The ESPN Effect

Curator's Note

I continue to be fascinated with the ESPN-effect across television programming. The folks at Fox News have certainly mastered the network's "televisuality" (including its excessive style and pacing). But Keith Olbermann, as an early progenitor of the sports network's particular form of anchor discourse—smartly written, wittily constructed, acerbically (at times) delivered, ironically predisposed—continues to display this style in his gig as newsman. Olbermann comes across here as a strange mélange of Edward R. Murrow, Dennis Miller, and Bill O'Reilly, yet something a little different as well (Howard Beale?). To be certain, Olbermann is no Murrow (despite invoking the icon's spirit with his "good night, and good luck" sign-off). But this ESPN-style makes for interesting political commentary. Plus, it's nice to hear someone on a news channel with righteous outrage whose nose isn't firmly embedded in the administration's backside. Indeed, my desire to see intertextual linkages shouldn't diminish the glee a viewer should take in Olbermann's no holds barred critiques of this rogue administration and its radical ways.

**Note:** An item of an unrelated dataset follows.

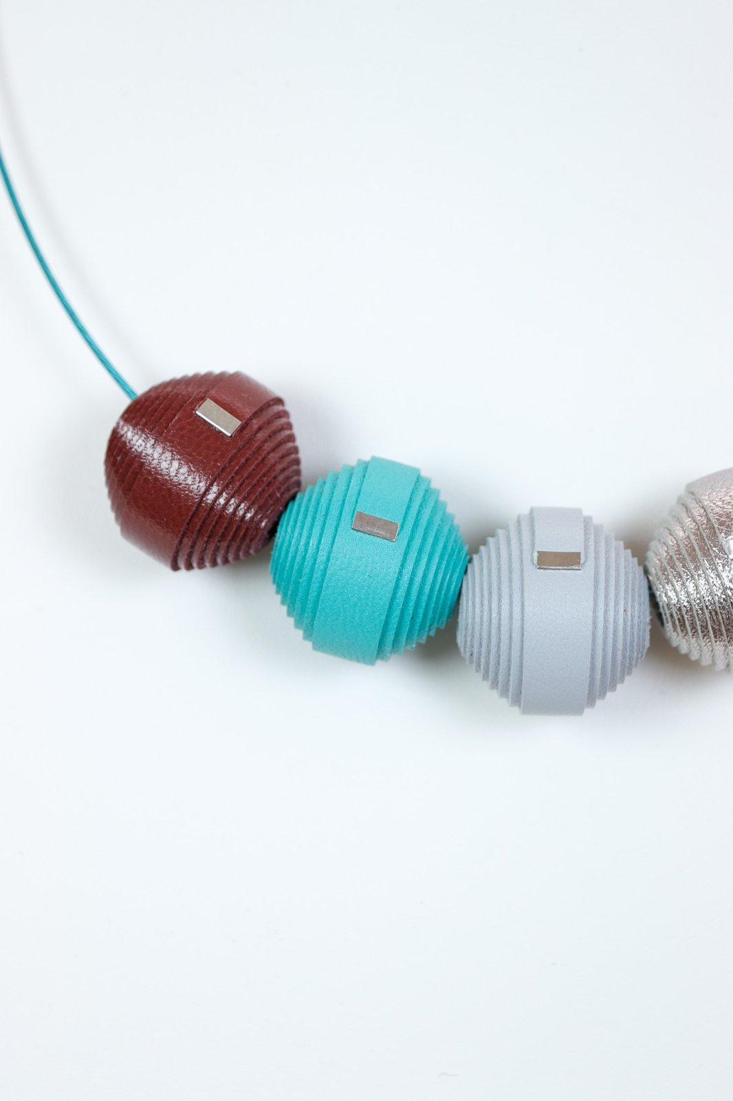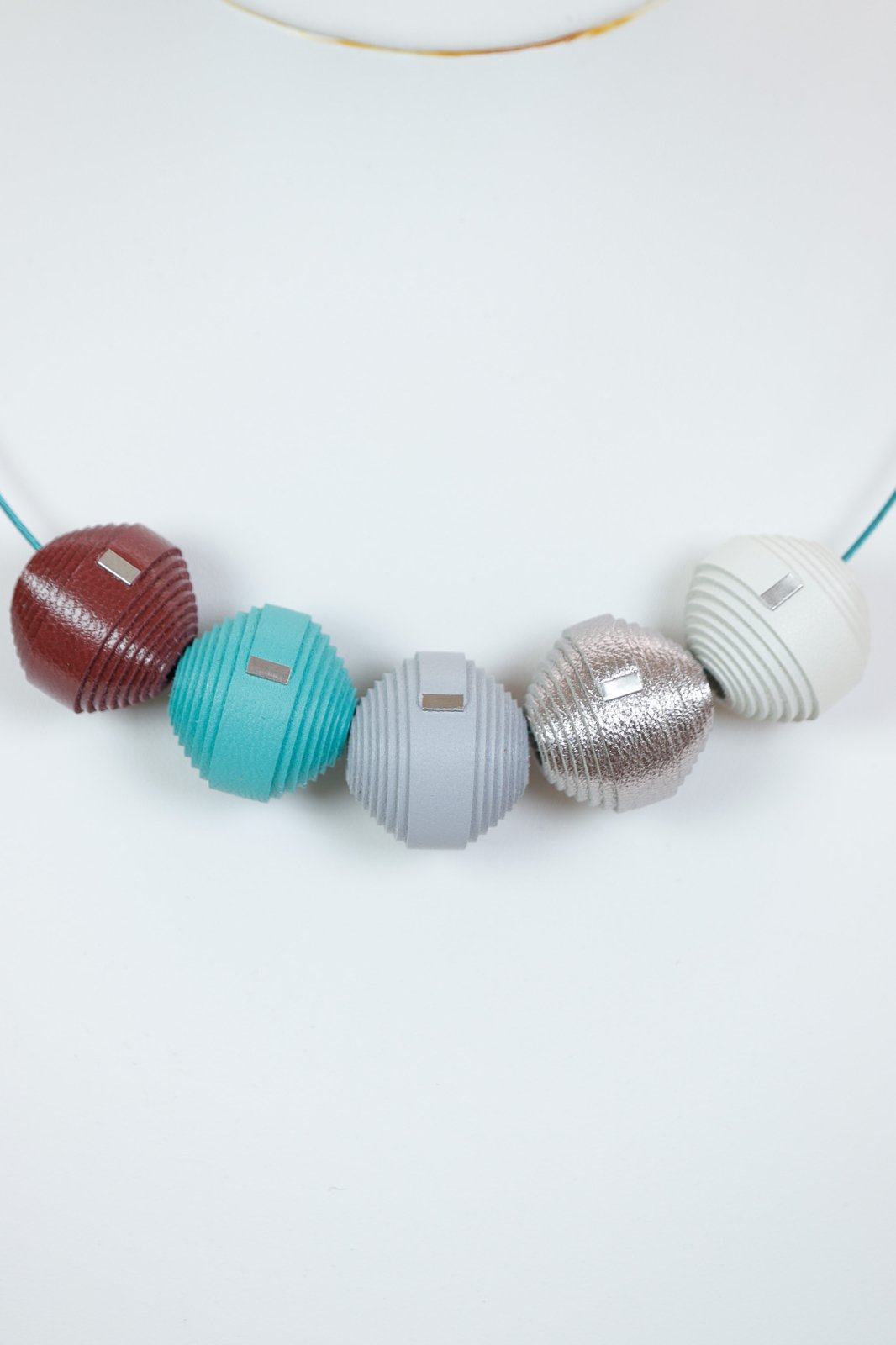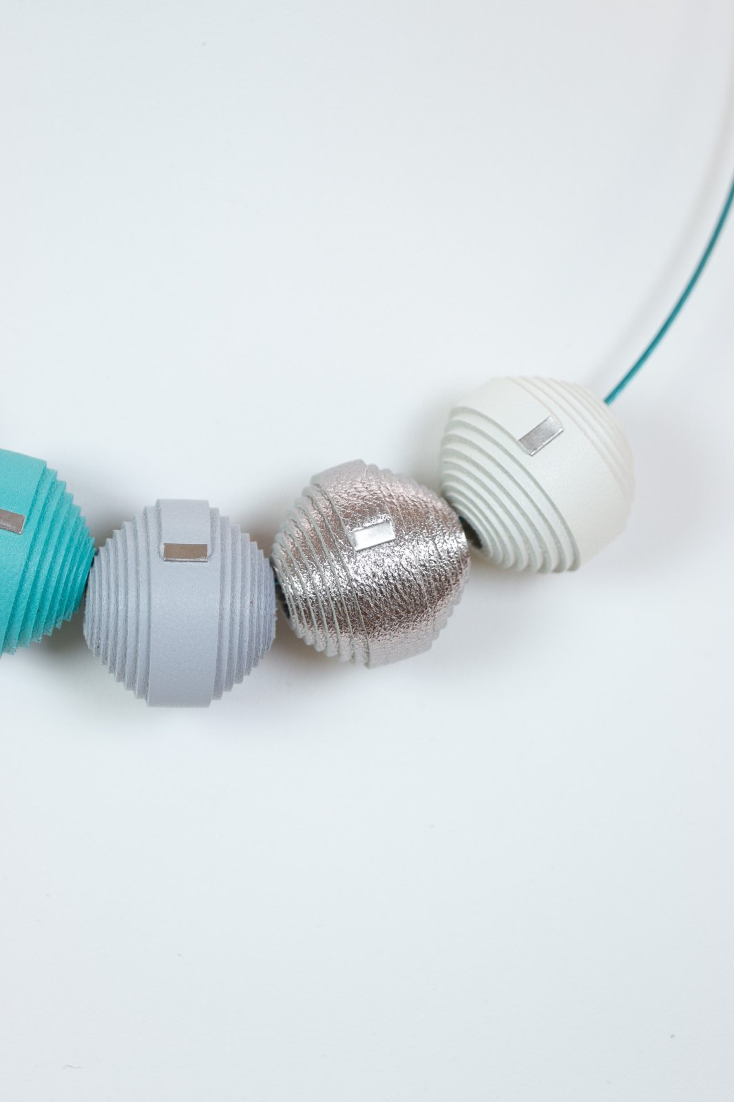 Rece și contemporan. Un colier statement modern ce prezintă mărgele din piele lucrate manual într-o paletă sofisticată de turcoaz, bleumarin, gri și bej. Esența șicului artizanal și versatil.

But from a staid, academic point of view, it is the intertextual quality of his persona and style that intrigues me; it simply makes it more enjoyable. Hearing Dexter Gordon, for instance, reminds me of the greatness of Lester Young. And I can't help but smile when I hear Madeleine Peyroux channel Billy Holiday. For Keith Olbermann on MSNBC, it's also a little bit of ESPN meets Network meets See It Now. Indeed, see it now. And smile.


Kudos to Jeff for furthering the Cult of Keith. I blogged about his unusual ascendency here for anyone interested, but I think it can't be understated that Olbermann's kudos as a sportscaster (still teaming with Dan Patrick on ESPN Radio) helps insulate him from the common derision from the right toward Air America-style "liberal elites" - his comprehensive knowledge of Mickey Mantle allows him more legitimacy to quote Voltaire & Jefferson liberally.

Most conservative blogs don't really give Olbermann too much of a "pass" due to his background in sports -- they write of him as rampantly biased. Just as most of the rest of us see O'Reilly. And both figures *are* "biased." But as this clip shows, bias is having an opinion, and bias is passion, and both opinions and passion can be engaging. When bias comes with the trappings of yelling, falsifying, and the claim to objectivity, as with O'R, there's reason to be concerned. But perhaps a little more bias, in and of itself, and if plain-stated, rational, and honest with the facts, could engage more Americans in politics and the project of citizenship. So, sign me up for the cult :-)

I think the think I find interesting about Keith's presentation is the way he doesn't "dumb down" his analysis. Their is an assumption in the age of sound bite and internet culture that one has to be quick, snippy, and to the point, and that the viewership is not capable of sustained engagement. Olberman proves there is another way. His clips are downloaded frequently on YouTube, the site par excellence of the sound bite. His presentation seems to operate under the assumption that the listener is intelligent and able to make connections, as opposed to what I take to be the O'Reilly and Rush method of "let me explain this to you stupid." I think one of the reasons he has been so well received as of late is this intellectual factor. Think of him as the news equivalent of the Simpsons (in some sense part of the same ESPN outgrowth you are chronicling here).